Highlighting poor practice again unlikely to get you dismissed and in fact actively encouraged.

Hi there,

I've read through this forum and tried to find the answer to my questions elsewhere, so apologies if I've missed the mark but this does seem like the best place to voice my concerns, and I'd really appreciate any help. Coffee Nurse, babyRN, and Silverdragon in particular, if you read this I would appreciate your advice.

I'm 28 and JUST starting my nursing prerequisites; I will be a second-degree student, as I already have a BA in English. I was already leaning towards getting my BSN and working for awhile before ultimately acquiring my NP degree, but then I discovered that travel nursing existed, and I nearly imploded from excitement. But now I am doing quite a bit of research that's making it seem like working for a travel company like Continental Travel Nurse in the UK would be difficult, if not outright impossible. I want to make clear that (at least at this moment) I am NOT interested in immigrating to the UK; I merely wish to work there as a travel nurse for a period of time, likely through CTN, if possible.

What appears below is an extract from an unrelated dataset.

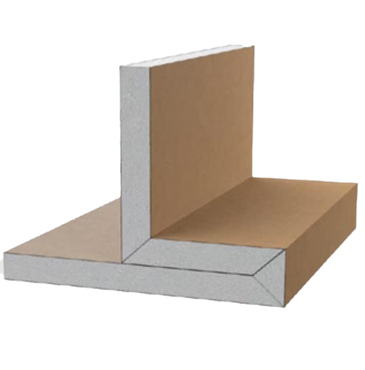 Parte sagomata angolata con 3 fresature a V di 90°, 2x dall’alto / 1x dal basso, dal retro.
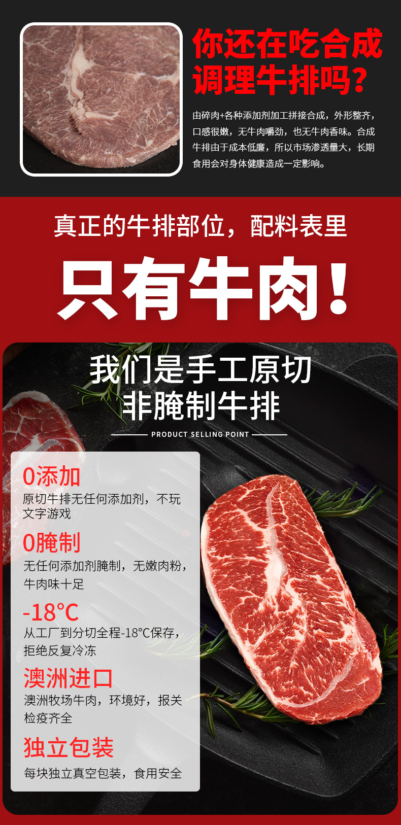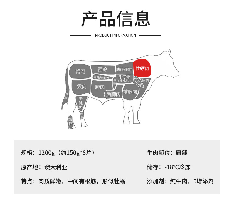 原切0增添剂 ,顺丰发货,厚切8片1200g,口感非常扎实。澳洲进口,选用谷饲100天以上牛的肩胛部位,整块原切非腌制0添加,这个部位肉质油花丰富,中间带有明显一条软筋,因形似“牡蛎肉”而得名,因少有活动所以肉质细嫩,肥瘦相间,雪花纹理清晰,口感超细嫩,0添加,老少皆宜,适合煎、炒、烤等~~。

I am in particular concerned about the strict hour requirements---I read through this thread and elsewhere, and have been told verbally by a lady with Continental Travel Nurse that the NMC accepts nurses with BSN's from the US, most of which do not have the same clinical hours in their training as EU training does, but now I am seeing that accelerated BSN's are not accepted? This seems bizarre, as the accelerated BSN program I was looking at actually has MORE clinical hours required of their students than the traditional BSN, clocking in at 728 clinical hours in one 12-month cycle. I am now more confused than ever about what to do if I hope to one day work as a travel nurse in the UK and still fulfill my dream of working in the healthcare field.

My options are these:

-Take 3 years (1 year prereqs, 2 years program) to get my RN, then work as an RN while I take online courses through the public university/hospital system here to acquire my BSN. Total time: 5ish years.

-Take 4 years (2 years of prereqs/wait cycle to apply, 2 years actually enrolled at 4-year institution) to get my BSN in the "traditional" method. Would require one additional year of working as an RN before I could apply. Total: 5 years.

-Take 2.5 years (1.5 years of prereqs, 1 12-month intensive cycle) to get my BSN through an accelerated program. Work as an RN for 1-1.5 years before I apply to work. Total time: 3.5-4 years. The prereqs are actually MORE rigorous to get into this program than a regular BSN. The school that offers this is highly respected and considered "the nursing school" in this state (described thus by an advisor I spoke to at another institution).

Could anyone point me in the right direction, or at least tell me where else I might look that would clarify this? I am sorry for such a lengthy post but I just want to make sure I get set on the right course now, and don't wind up closing a door before I even realize what I've done.

thanks very much for reading all that! xo

Specializes in NICU.

I would call up the NMC and ask to speak to a decision officer (first line phone people are not much help as they are reading off a piece of paper)...from what others have posted, no, you can't do an accelerated degree. Why? Who knows? After all, we have to take the IELTS even though we grew up speaking the English language. Every country has its own idiosyncrasies...it's already a stretch for the NMC to allow US nurses to get a license because we all have less than half of the clinical hours that the UK nurses have (the difference being that they generally don't need much orientation, according to my professor at my overseas nursing class whereas US new grads usually get at least 8-12 weeks).